Zimbabwe’s Fired Deputy Mujuru Says Mugabe Party Ignoring Crisis

Joice Mujuru, Zimbabwe’s former vice president who was expelled from the ruling party this month, said the leadership of the organization that’s ruled the nation since independence in 1980 is ignoring an economic crisis.

The size of the economy has halved since President Robert Mugabe started a program of seizing white-owned commercial farms in 2000, slashing export income. Wages for government workers now account for about 88 percent of the budget, according to the finance ministry, while foreign investment is being deterred by a law that says black Zimbabweans are entitled to a stake of as much as 51 percent in any company.

“Given the prevailing economic hardships, the looming food crisis and declining inflows to the fiscus, the Politburo’s silence on these matters is deafening,” Mujuru told reporters in the capital, Harare, Thursday, referring to the decision-making body of the ruling Zimbabwe African National Union-Patriotic Front.

Mujuru, who served in Mugabe’s first cabinet and became vice president in 2004, was stripped of her position in government in December when she was accused of trying to unseat Mugabe.
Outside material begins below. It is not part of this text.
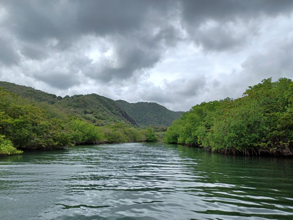 On est aussi allés explorer la petite rivière dont on voit l’embouchure tout près de là où on est mouillés. Comme une remontée d’une petite Amazone, grand silence au milieu des palétuviers. Bien agréable ! Bon, en fait, ça permet d’arriver à un petit port pour annexes qui donne accès aux magasins de la zone de Carénage. C’est là qu’on a pu acheter l’huile !

She denied the allegations and said on Thursday that she refused to accept her expulsion from the party.

The 59-year-old fought in the liberation war against a whites-only government prior to 1980 and is the widow of Solomon Mujuru, who led Mugabe’s liberation forces and later commanded the Zimbabwean army.

Mugabe’s administration is waging a “relentless, unsubstantiated, malicious and hateful campaign” against her, she said.